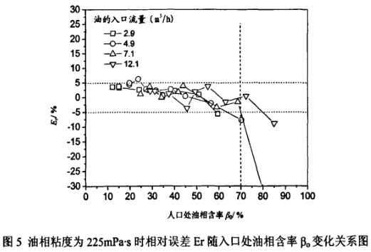 當油(you)相粘度提高(gao)至225mPa·s時(圖5所示(shì)),觀察到了與(yu)圖4相似👄的曲(qǔ)線變💁化⭐趨勢(shì),不同的是:當(dang)β。的小于70%時,相(xiàng)對誤差在5%以(yi)内,渦輪流量(liang)計處于有效(xiao)工作區間。然(ran)而,随着☎️β。的增(zēng)加,誤差曲💰線(xiàn)下降的幅度(dù)增大,當βo達到(dao)70%時,整體誤差(chà)超過了5%的界(jie)線,達到10%以上(shang),此時,渦輪流(liu)量計超✂️出了(le)其有效💃🏻工作(zuo)區間,失效區(qū)開始出現。
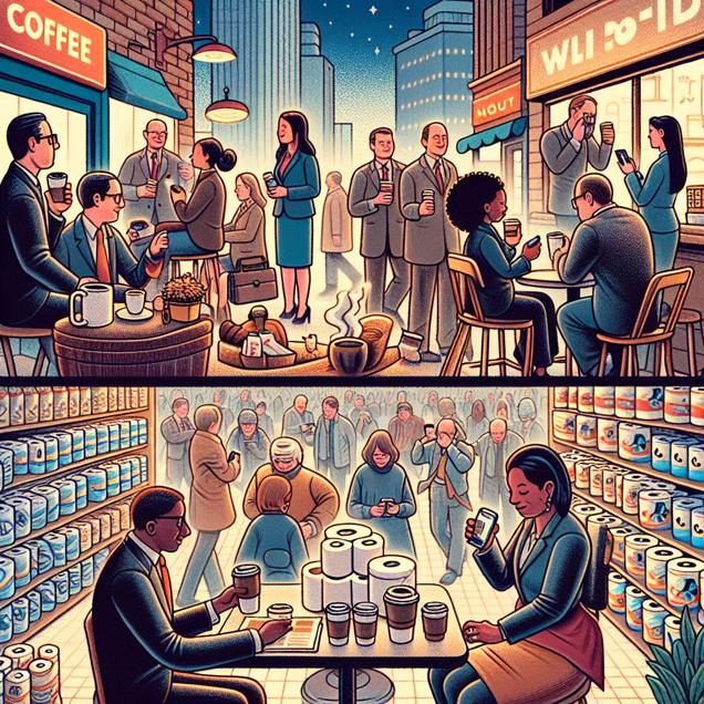 ChatGPT: Generate an image that combines the following scene in a [Cutesy art illustration] style: "In downtown Wilmington, Delaware, a group of private detectives meet at a bustling coffee shop. They are chatting animatedly, surrounded by steaming cups of coffee and stacks of files, discussing the surge in cases they've been handling lately. Meanwhile, at a nearby grocery store, shelves are almost empty as people frantically search for toilet paper, with many simultaneously googling "where to buy toilet paper" on their phones. The scene is filled with a sense of urgency and activity, capturing the contrast between the detectives' calm conversation and the chaotic search for essential supplies."
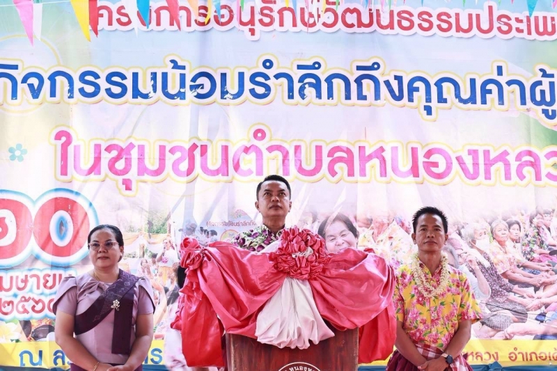 วันที่ 10 เมษายน 2569 เวลา 08.00 น. องค์การบริหารส่วนตำบลหนองหลวง จัดโครงการอนุรักษ์วัฒนธรรมประเพณี กิจกรรมน้อมรำลึกถึงคุณค่าผู้สูงวัย ในชุมชนตำบลหนองหลวง ประจำปี 2569 (รดน้ำดำหัวผู้สูงอายุ วันสงกรานต์)โดยมี นายจำลักษ์ กันเพ็ชร์ รองผู้ว่าราชการจังหวัดหนองคาย เป็นประธานในพิธีเปิด นายกฤตธัช ดาหา ปลัดอาวุโสอำเภอเฝ้าไร่ กล่าวต้อนรับประธาน นางสรารัตน์ ศรีอุดร นายก อบต.หนองหลวง กล่าวรายงานฯ พร้อมด้วย คณะผู้บริหาร สมาชิกสภาฯ ผู้นำชุมชน หัวหน้าส่วนราชการ พนักงานเจ้าหน้าที่ ภาคีเครือข่ายทุกภาคส่วน ตลอดจนผู้สูงอายุตำบลหนองหลวงทั้ง 20 หมู่บ้านร่วมในกิจกรรม โดยมีวัตถุประสงค์เพื่อสืบสานวัฒนธรรมไทย แสดงความกตัญญูกตเวทีต่อผู้สูงอายุ เสริมสร้างความอบอุ่นในครอบครัวและชุมชน อีกทั้งยังสร้างขวัญกำลังใจให้ผู้สูงอายุรู้สึกถึงคุณค่า ไม่ถูกทอดทิ้ง โดยมีกิจกรรมนันทนาการ การแข่งขันกีฬาที่เหมาะสมกับวัยของผู้สูงอายุ กิจกรรมรดน้ำดำหัวขอพรผู้สูงอายุ รดน้ำดำหัวขอพรคณะผู้บริหาร และได้แจกกระติกน้ำให้ผู้สูงอายุทุกท่าน เพื่อใช้ประโยชน์ โดยภายหลังการพบปะ อวยพรผู้สูงอายุเนื่องในวันปีใหม่ไทย ท่านประธานในพิธี ได้เป็นเกียรติเดินเยี่ยมชมอุโมงค์น้ำตำบลหนองหลวง พร้อมร่วมถ่ายภาพเป็นที่ระลึกเพื่อเชิญชวนประชาชนมาเที่ยวสวนสาธารณะเฉลิมพระเกียรติตำบลหนองหลวง อำเภอเฝ้าไร่ จังหวัดหนองคาย
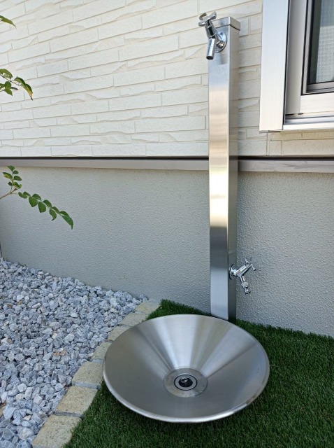シンプルですがシルバーが映える立水栓には補助蛇口も設置し、
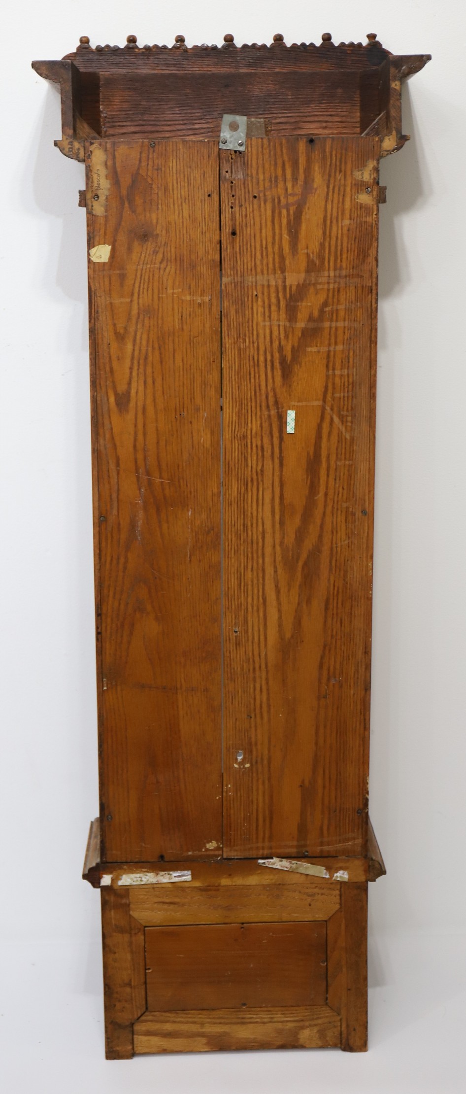 with a proper wooden pendulum stick and a badly worn bob that needs to be replaced. No label, and the backboard has separated. A fairly common model, usually in walnut; AAC sold a slightly nicer oak example in 2024 for $500. $400–$600.
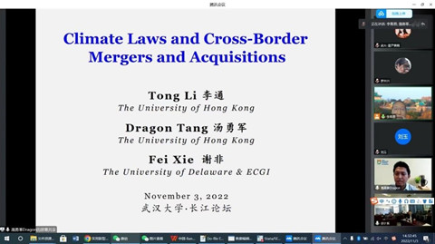 承办的长江论坛第一百五十七讲通过线上线下结合的方式举行。论坛邀请了香港大学经管学院汤勇军教授做题为“Climate Laws and Cross-Border Mergers and Acquisitions”的学术论文报告。论坛由学院会计系李青原教授主持,学院潘红波、周楷唐、林晚发等众多老师和学生参加了此次论坛。
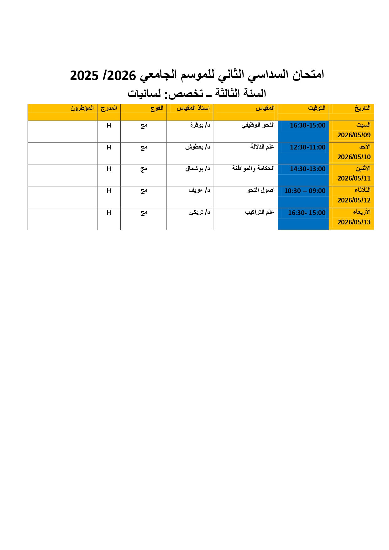 Calendrier des examens du Département de langue et littérature arabes -L3 Ling
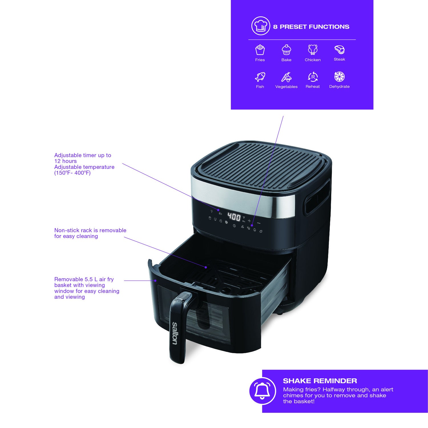 Salton 3-in-1 Air Fryer, Grill & Dehydrator Convection Toaster Oven
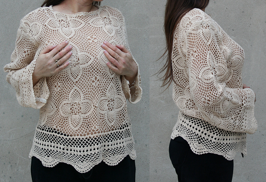 13. Häkel Pullover beige, Größe 38/40, edles Oberteil aus durchgehend gehäkeltem Material, die Bilder sagen alles, gern getragen aber mangels passender Anlässe sehr gut erhalten, keinerlei Mängel
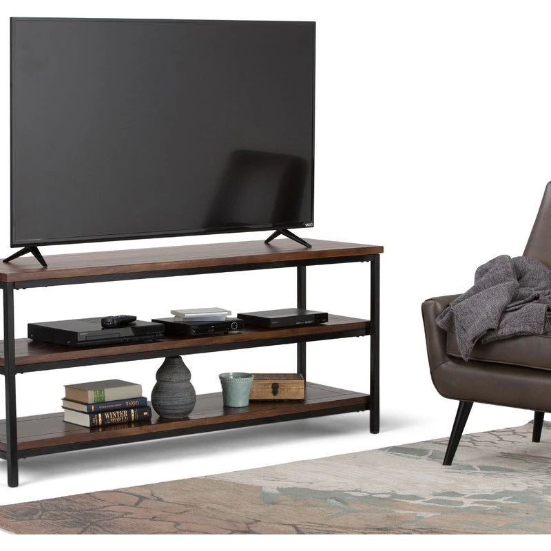 Skyler furniture is industrial in sensibility, modern in approach and perfect for the stylish individual who is looking for that unbelievably stunning and practical TV Stand for TVs up to 65 inches wide. The box shaped steel metal base with black finish mixed with solid Mango Wood fits smoothly into most modern, contemporary or eclectic home designs.
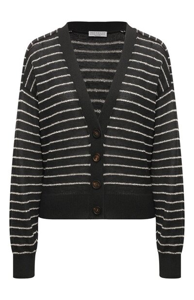 Свободный кардиган связали из длинноволокнистого хлопка премиальных сортов. Пряжу цвета графита чередовали с серебристыми нитями, в которые вплели мелкие пайетки, деликатно переливающиеся в ответ на каждое движение. В повседневном образе полосатая модель с глубоким вырезом подружится с брюками, сандалиями и сумкой.
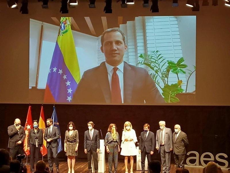 En el acto han tomado también la palabra la presidenta de la Comunidad de Madrid, Isabel Díaz Ayuso, y el alcalde de Madrid, José Luis Martínez Almeida. Además, ha asistido el líder de los 'populares', Pablo Casado, que ha posado con todos ellos al inicio del acto, al que Guaidó se ha conectado por vía telemática.
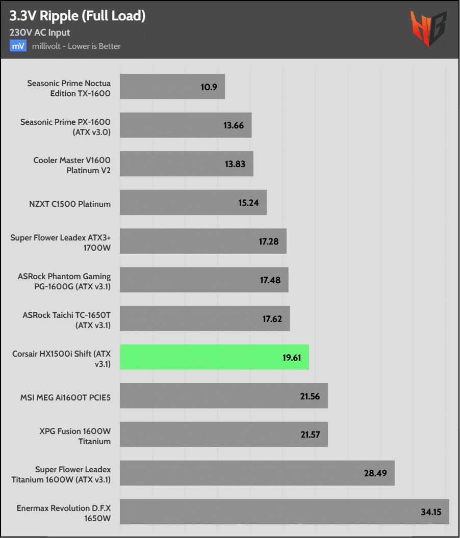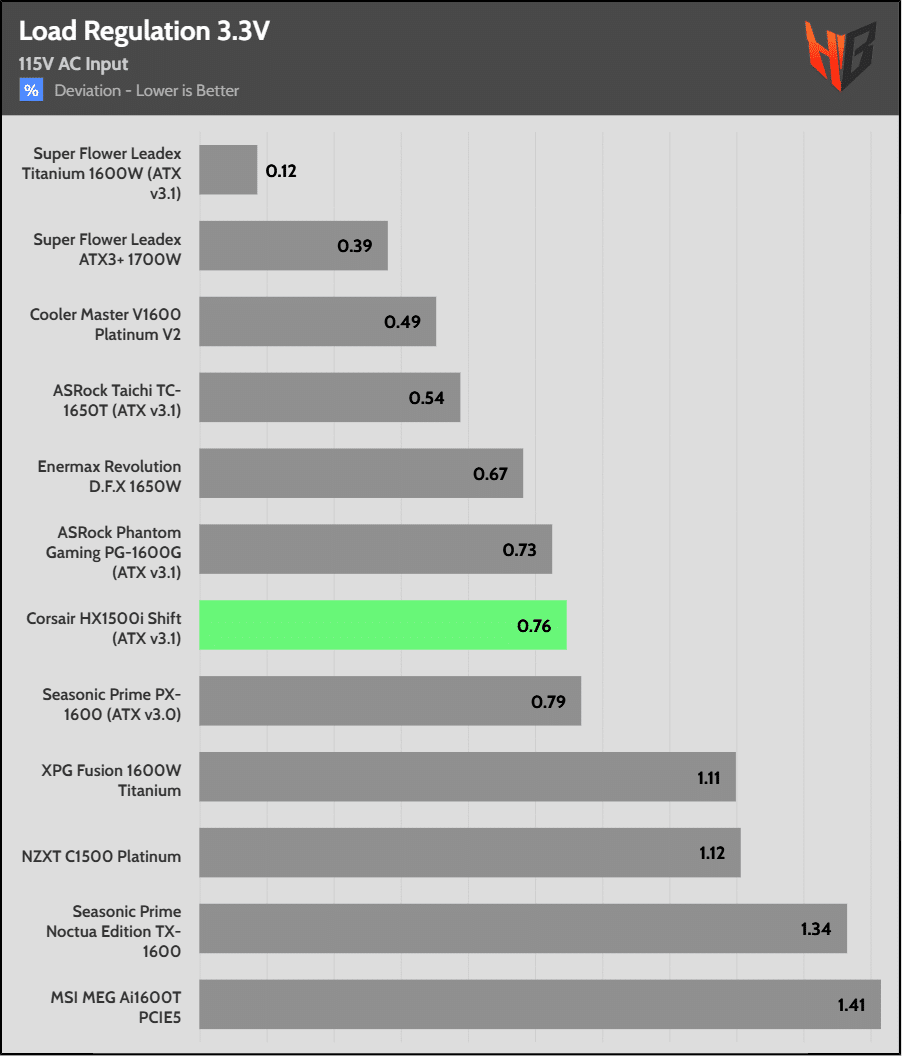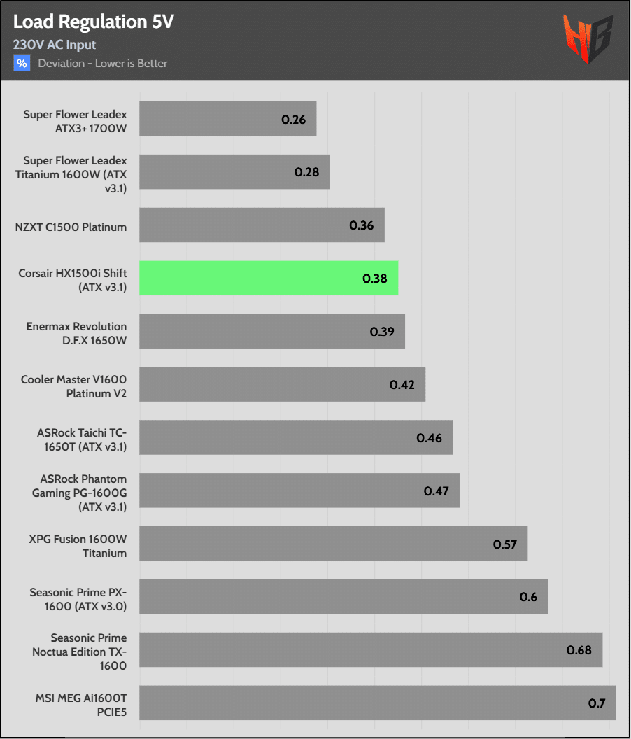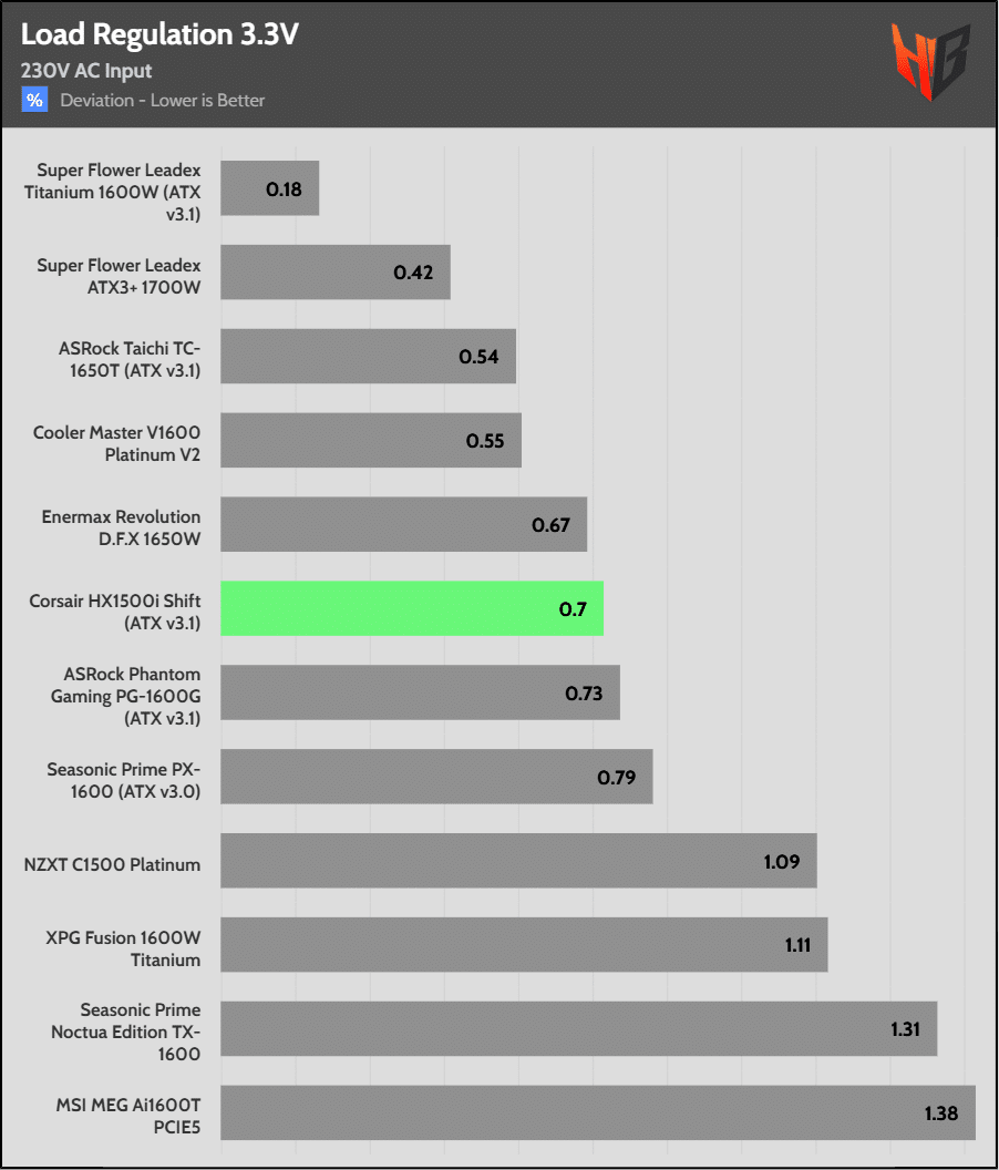 Load regulation is within 1% on all primary rails. I would like to see a tighter load regulation at 12V, given the digital control.

#####

Leave out the pictures and transcribe the entries above exactly.

 當油(you)相粘度提高(gao)至225mPa·s時(圖5所示(shì)),觀察到了與(yu)圖4相似👄的曲(qǔ)線變💁化⭐趨勢(shì),不同的是:當(dang)β。的小于70%時,相(xiàng)對誤差在5%以(yi)内,渦輪流量(liang)計處于有效(xiao)工作區間。然(ran)而,随着☎️β。的增(zēng)加,誤差曲💰線(xiàn)下降的幅度(dù)增大,當βo達到(dao)70%時,整體誤差(chà)超過了5%的界(jie)線,達到10%以上(shang),此時,渦輪流(liu)量計超✂️出了(le)其有效💃🏻工作(zuo)區間,失效區(qū)開始出現。
 ChatGPT: Generate an image that combines the following scene in a [Cutesy art illustration] style: "In downtown Wilmington, Delaware, a group of private detectives meet at a bustling coffee shop. They are chatting animatedly, surrounded by steaming cups of coffee and stacks of files, discussing the surge in cases they've been handling lately. Meanwhile, at a nearby grocery store, shelves are almost empty as people frantically search for toilet paper, with many simultaneously googling "where to buy toilet paper" on their phones. The scene is filled with a sense of urgency and activity, capturing the contrast between the detectives' calm conversation and the chaotic search for essential supplies."
 วันที่ 10 เมษายน 2569 เวลา 08.00 น. องค์การบริหารส่วนตำบลหนองหลวง จัดโครงการอนุรักษ์วัฒนธรรมประเพณี กิจกรรมน้อมรำลึกถึงคุณค่าผู้สูงวัย ในชุมชนตำบลหนองหลวง ประจำปี 2569 (รดน้ำดำหัวผู้สูงอายุ วันสงกรานต์)โดยมี นายจำลักษ์ กันเพ็ชร์ รองผู้ว่าราชการจังหวัดหนองคาย เป็นประธานในพิธีเปิด นายกฤตธัช ดาหา ปลัดอาวุโสอำเภอเฝ้าไร่ กล่าวต้อนรับประธาน นางสรารัตน์ ศรีอุดร นายก อบต.หนองหลวง กล่าวรายงานฯ พร้อมด้วย คณะผู้บริหาร สมาชิกสภาฯ ผู้นำชุมชน หัวหน้าส่วนราชการ พนักงานเจ้าหน้าที่ ภาคีเครือข่ายทุกภาคส่วน ตลอดจนผู้สูงอายุตำบลหนองหลวงทั้ง 20 หมู่บ้านร่วมในกิจกรรม โดยมีวัตถุประสงค์เพื่อสืบสานวัฒนธรรมไทย แสดงความกตัญญูกตเวทีต่อผู้สูงอายุ เสริมสร้างความอบอุ่นในครอบครัวและชุมชน อีกทั้งยังสร้างขวัญกำลังใจให้ผู้สูงอายุรู้สึกถึงคุณค่า ไม่ถูกทอดทิ้ง โดยมีกิจกรรมนันทนาการ การแข่งขันกีฬาที่เหมาะสมกับวัยของผู้สูงอายุ กิจกรรมรดน้ำดำหัวขอพรผู้สูงอายุ รดน้ำดำหัวขอพรคณะผู้บริหาร และได้แจกกระติกน้ำให้ผู้สูงอายุทุกท่าน เพื่อใช้ประโยชน์ โดยภายหลังการพบปะ อวยพรผู้สูงอายุเนื่องในวันปีใหม่ไทย ท่านประธานในพิธี ได้เป็นเกียรติเดินเยี่ยมชมอุโมงค์น้ำตำบลหนองหลวง พร้อมร่วมถ่ายภาพเป็นที่ระลึกเพื่อเชิญชวนประชาชนมาเที่ยวสวนสาธารณะเฉลิมพระเกียรติตำบลหนองหลวง อำเภอเฝ้าไร่ จังหวัดหนองคาย
シンプルですがシルバーが映える立水栓には補助蛇口も設置し、
 with a proper wooden pendulum stick and a badly worn bob that needs to be replaced. No label, and the backboard has separated. A fairly common model, usually in walnut; AAC sold a slightly nicer oak example in 2024 for $500. $400–$600.
 承办的长江论坛第一百五十七讲通过线上线下结合的方式举行。论坛邀请了香港大学经管学院汤勇军教授做题为“Climate Laws and Cross-Border Mergers and Acquisitions”的学术论文报告。论坛由学院会计系李青原教授主持,学院潘红波、周楷唐、林晚发等众多老师和学生参加了此次论坛。
 Calendrier des examens du Département de langue et littérature arabes -L3 Ling
 Salton 3-in-1 Air Fryer, Grill & Dehydrator Convection Toaster Oven
 13. Häkel Pullover beige, Größe 38/40, edles Oberteil aus durchgehend gehäkeltem Material, die Bilder sagen alles, gern getragen aber mangels passender Anlässe sehr gut erhalten, keinerlei Mängel
 Skyler furniture is industrial in sensibility, modern in approach and perfect for the stylish individual who is looking for that unbelievably stunning and practical TV Stand for TVs up to 65 inches wide. The box shaped steel metal base with black finish mixed with solid Mango Wood fits smoothly into most modern, contemporary or eclectic home designs.
 Свободный кардиган связали из длинноволокнистого хлопка премиальных сортов. Пряжу цвета графита чередовали с серебристыми нитями, в которые вплели мелкие пайетки, деликатно переливающиеся в ответ на каждое движение. В повседневном образе полосатая модель с глубоким вырезом подружится с брюками, сандалиями и сумкой.
 En el acto han tomado también la palabra la presidenta de la Comunidad de Madrid, Isabel Díaz Ayuso, y el alcalde de Madrid, José Luis Martínez Almeida. Además, ha asistido el líder de los 'populares', Pablo Casado, que ha posado con todos ellos al inicio del acto, al que Guaidó se ha conectado por vía telemática.
 Load regulation is within 1% on all primary rails. I would like to see a tighter load regulation at 12V, given the digital control.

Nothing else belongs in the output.